─── Given material

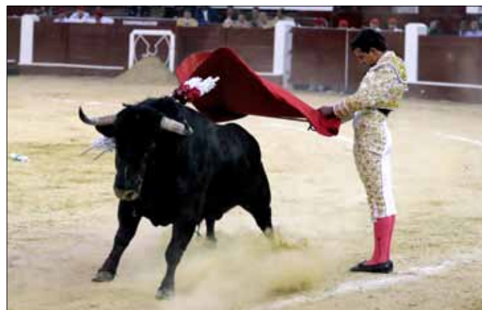
Walka matodora z bykiem w Kolumbii
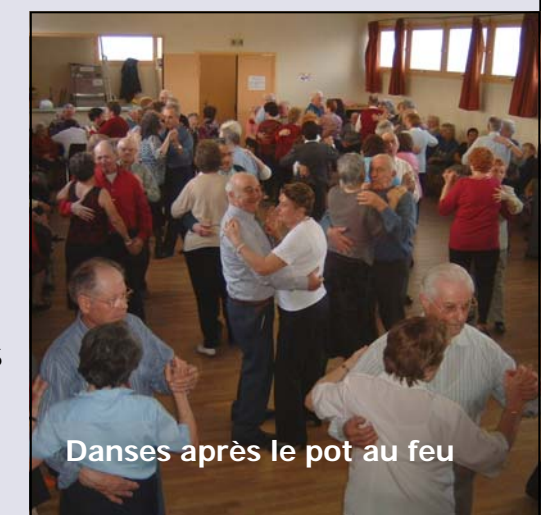
Danses après le pot au feu
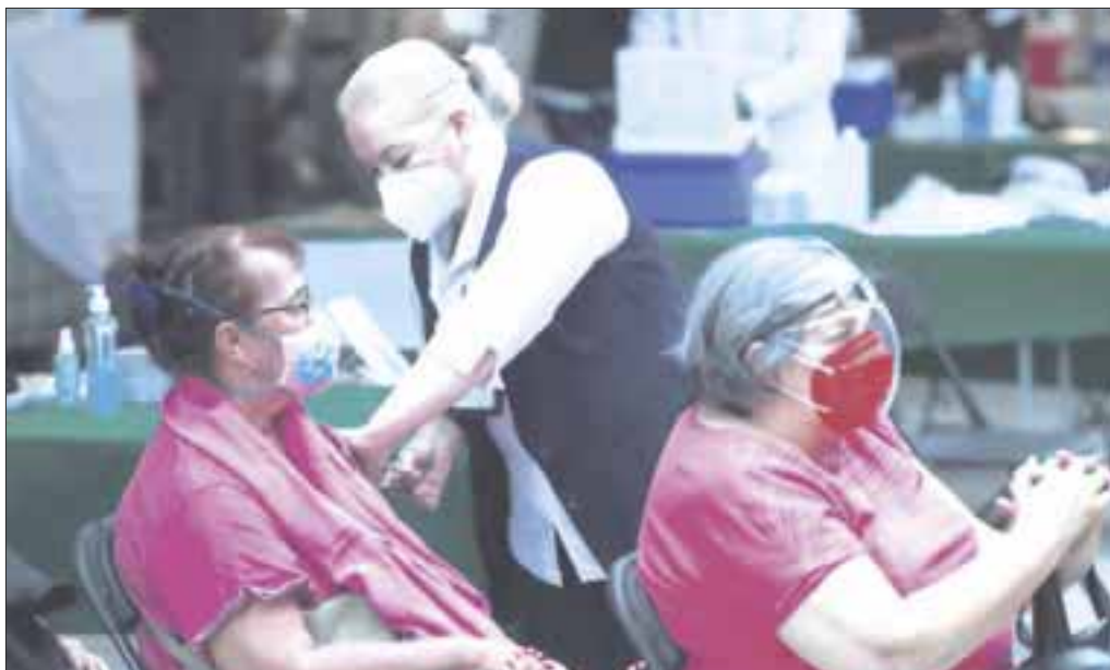
Se han suministrado en el país 30 millones 293 mil 682 dosis de las cinco vacunas que se tienen aprobadas para uso en México.

En México, han recibido al menos una dosis de la vacuna contra la Covid-19, una de cada cuatro personas mayores de 18 años, de acuerdo a cifras de la Secretaría de Salud federal.

──────

With the pictures removed, set down the entire listing exactly.

Walka matodora z bykiem w Kolumbii
Danses après le pot au feu
Se han suministrado en el país 30 millones 293 mil 682 dosis de las cinco vacunas que se tienen aprobadas para uso en México.

En México, han recibido al menos una dosis de la vacuna contra la Covid-19, una de cada cuatro personas mayores de 18 años, de acuerdo a cifras de la Secretaría de Salud federal.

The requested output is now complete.